In the data below, set down exactly the lines from the one containing "北海道根室市の花咲港で水揚げされるマイワシ=2020年9月" up to and including the one containing "寐绸家纺 2025新款牛奶绒双拼单被套 双拼被套-米驼+奶茶咖". Leave the pictures out.
:: INFORMATION PROVIDED
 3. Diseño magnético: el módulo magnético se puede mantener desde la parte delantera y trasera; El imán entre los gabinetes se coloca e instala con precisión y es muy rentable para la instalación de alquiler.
::::
:: INFORMATION PROVIDED
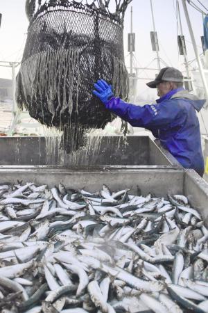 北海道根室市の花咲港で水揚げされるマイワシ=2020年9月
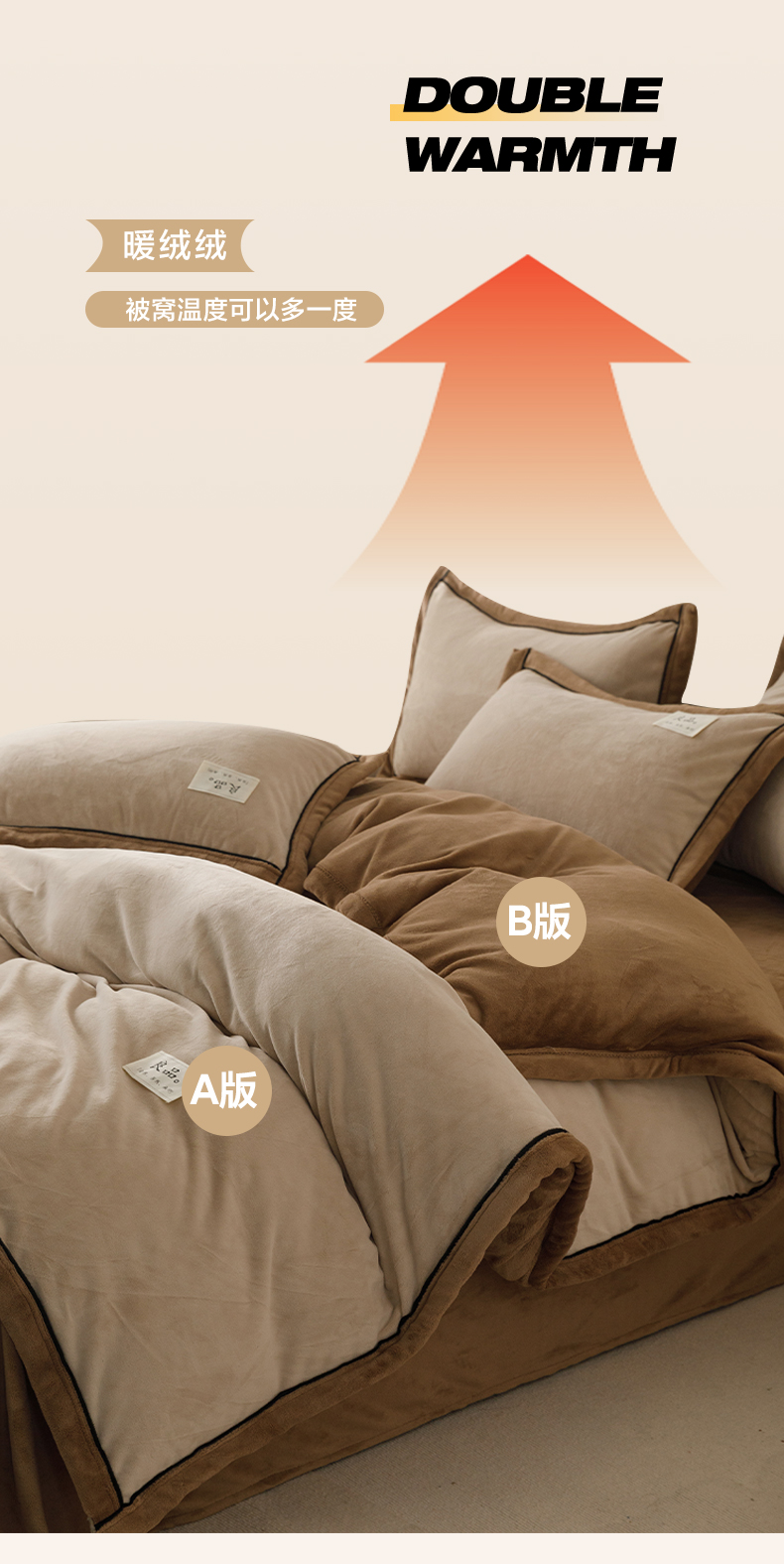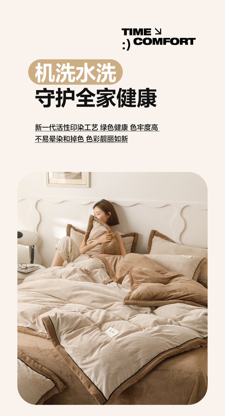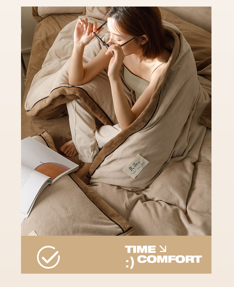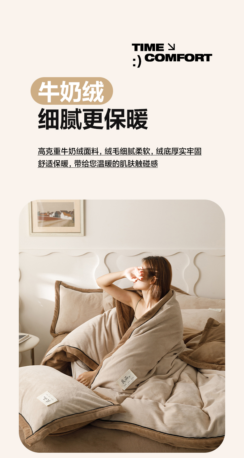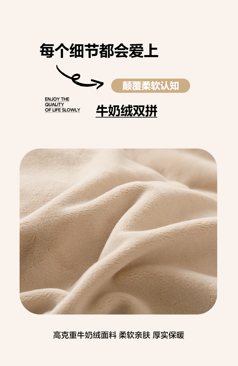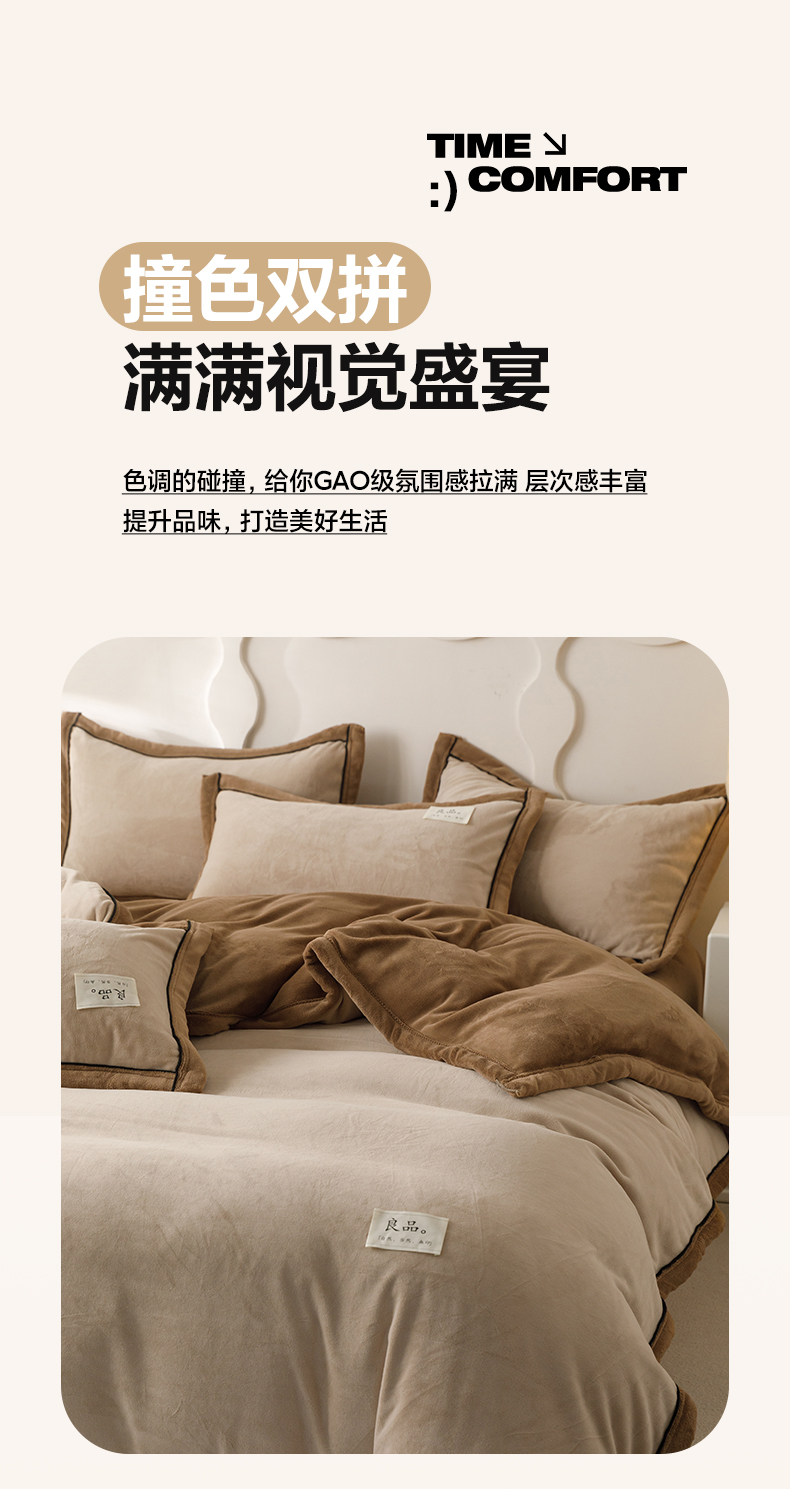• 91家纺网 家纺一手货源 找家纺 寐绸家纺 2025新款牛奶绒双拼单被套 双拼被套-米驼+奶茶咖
::::
OUTPUT FOR THIS EXERCISE:
 北海道根室市の花咲港で水揚げされるマイワシ=2020年9月
• 91家纺网 家纺一手货源 找家纺 寐绸家纺 2025新款牛奶绒双拼单被套 双拼被套-米驼+奶茶咖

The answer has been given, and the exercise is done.